Monteze BARRS, now Monteze Walker, Appellant,
v.
John Richard BARRS, Appellee.

No. 91-1172.

District Court of Appeal of Florida, First District.

December 3, 1991.
Rehearing Denied January 7, 1992.

*981 Edwin B. Browning, Jr., of Davis, Browning & Schnitker, Madison, for appellant.

Thomas E. Stone, Madison, for appellee.

ERVIN, Judge.

Appellant, Monteze Barrs, the former wife of appellee, John Barrs, appeals an order in which the trial court granted her petition for modification of the child support award which was ordered to be paid by her former husband. She contends that the court erred by making the award retroactive to a date just prior to the final order rather than the date she filed the petition for modification, and by failing to award as a minimum an amount required under the child-support guidelines. We affirm as to the first point and reverse the second.

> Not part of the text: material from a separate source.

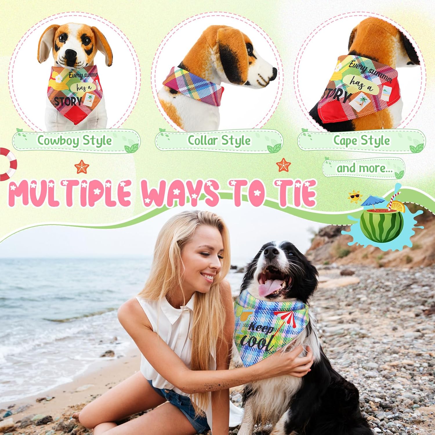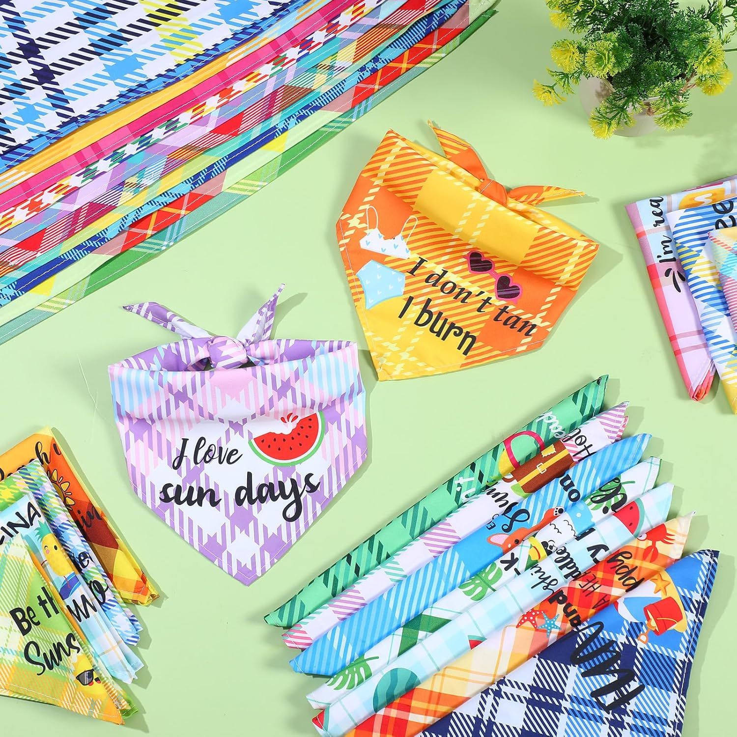 - Summer Theme Dog Bandannas: our bandannas for dogs and cats are printed with various classic plaid patterns and a variety of summer designs on the surface, such as pineapple, sun, leaves, flamingo and other summer elements, full of festive atmosphere, easy for your pet to match different colors of clothes and hats, making it more charming, bringing a pleasant experience

When the parties' marriage was dissolved, November 20, 1987, appellee was earning $24,000 per year, and the parties agreed that the former husband would pay $150 per month child support. At the time of the hearing on appellant's petition for modification, appellee was earning $34,800 per year, and appellant's monthly income was $2,064.63, making a combined monthly net income of $4,775.44, an amount in excess of the maximum amount provided in the statutory child support guidelines, or $4,200.00. § 61.30(6), Fla. Stat. (1989). In circumstances in which the parents' combined net annual income exceeds $50,000 per year, as here, the guidelines are expressly made inapplicable. § 61.30(1)(b)2, Fla. Stat. (1989). The record moreover reflects that each party has remarried, and that the former husband currently has a child born of his second marriage.

The court increased the child support responsibility of the former husband from $150 to $325 per month. The trial court specifically stated:

The Court does not deem it appropriate to apply the maximum child support guidelines as urged by the Former Wife, for the reason that the guidelines do not take in[to] consideration the Former Husband's child born after the entry of the final judgment on November 9, 1987, by another marriage, and the Former Wife has failed to present evidence that convinces the court that the needs of the child are equal to such maximum guideline amount.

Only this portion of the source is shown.